3. Decades of peer-reviewed, scientific studies show, whether discussing dogs, humans, dolphins or elephants, that electric shock as a form of training to teach or correct a behavior is ineffective at best, and physically and psychologically damaging at worst. Renowned board certified animal behaviorist and veterinarian, Dr. Karen Overall (2005) states: “There are now terrific scientific and research data that show the harm that shock collars can do behaviorally. At the July 2005, International Veterinary Behavior Meeting, held in conjunction with the American Veterinary Society of Animal Behavior and American College of Veterinary Behaviorists research meetings, data were presented by E. Schalke, J. Stichnoth, and R. Jones-Baade that documented these damaging effects...There is no longer a reason for people to remain misinformed. Let me make my opinion perfectly clear: Shock is not training - in the vast majority of cases it meets the criteria for abuse.” Ziv (2017) condenses a number of studies and surveys to review the data on the relationship between the use of electronic collars and dogs’ behavior and concludes that, “given the available data and in order to avoid risking the dogs’ welfare, trainers should avoid using electronic collars when training dogs.”
4. There can be no doubt that electric shock is a punisher, and for punishment to be effective as a means to training a dog -- or any other animal -- there are three critical elements that must be fulfilled: consistency, timing and intensity. First, the punishment must occur every time the unwanted behavior occurs. Second, it must be administered within, at most, a second or two of the behavior. Third, it must be unpleasant enough to stop the behavior. To reiterate, in the real world outside science laboratories, meeting these three criteria is virtually impossible for a dog training professional, and most certainly for a dog owner. Citing a variety of studies, Ziv (2017) concludes that “even when experienced trainers operate [shock] collars, the welfare of the dogs could be compromised,” and states it to be “likely that the threat to dogs’ welfare would be even greater in the hands of unskilled dog owners, who might lack the timing and consistency needed for this type of training to be successful…due to the aversive nature of these devices and the likelihood of training ineffectiveness, their use can be abusive.
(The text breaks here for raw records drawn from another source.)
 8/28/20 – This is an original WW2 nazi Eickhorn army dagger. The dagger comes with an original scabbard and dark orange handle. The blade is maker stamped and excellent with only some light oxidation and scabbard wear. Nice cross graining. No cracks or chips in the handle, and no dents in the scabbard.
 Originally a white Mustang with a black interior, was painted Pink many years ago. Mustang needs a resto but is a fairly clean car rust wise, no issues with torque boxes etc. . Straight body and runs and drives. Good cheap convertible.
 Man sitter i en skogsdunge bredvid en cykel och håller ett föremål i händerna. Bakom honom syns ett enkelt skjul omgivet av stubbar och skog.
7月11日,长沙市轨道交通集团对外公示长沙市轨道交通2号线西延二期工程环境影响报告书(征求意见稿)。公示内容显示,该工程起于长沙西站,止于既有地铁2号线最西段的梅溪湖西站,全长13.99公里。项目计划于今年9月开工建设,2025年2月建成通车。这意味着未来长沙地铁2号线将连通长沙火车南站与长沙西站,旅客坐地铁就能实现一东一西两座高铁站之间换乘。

5. According to psychology professor, Dr. Susan Friedman, who has pioneered the application of ABA to captive and companion animals: “Punishment doesn’t teach learners what to do instead of the problem behavior. Punishment doesn’t teach caregivers how to teach alternative behaviors. Punishment is really two aversive events – the onset of a punishing stimulus and the forfeiture of the reinforcer that has maintained the problem behavior in the past.” (Friedman, 2010). Especially troubling for pet professionals is that punishment requires an increase in the intensity of the aversive stimulus for it to have any have any hope of maintaining behavior reduction.
6. For new, more appropriate behaviors to become reliable in random environments, they must be accessed, reinforced and then practiced so a pet is able to transfer them to any context or situation (known as “generalization”). When using shock to train or manage a pet, the pet must be repeatedly subjected to the aversive stimulus for the behavior to appear resolved, when it is, in fact, only suppressed. In such cases, the pet still has not learned a more appropriate alternative behavior. In addition, as the pet is most likely still experiencing a negative emotional state, such as fear or anxiety, he is susceptible to even more problematic behavior fallout.
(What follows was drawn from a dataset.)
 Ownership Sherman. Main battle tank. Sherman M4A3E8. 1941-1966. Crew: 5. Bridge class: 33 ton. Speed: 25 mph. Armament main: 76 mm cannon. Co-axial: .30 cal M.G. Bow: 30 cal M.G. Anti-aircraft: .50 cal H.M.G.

7. Many shock collar trainers market themselves under verbiage and marketing slogans such as “force-free,” “positive relationship,” “natural methods,” “relationship building,” “positive only,” “no food necessary,” and so on. These are all taglines that are bandied around the industry, but mislead unsuspecting owners looking for humane ways to train their pets. They are carefully crafted to appeal to pet guardians who may not always understand the various training methods available, or the fallout and unintended consequences of making the wrong choice. They thus do not provide consumers the autonomy to make ethical decisions on behalf of their pets. This, compounded with the inability of a pet to offer informed consent, further questions the ethics of such training practices. The foundation of anyone working in behavioral sciences must always be to do no harm
, and, wherever possible “practitioners should base their choices of training methods on scientific data.” (Ziv, 2017).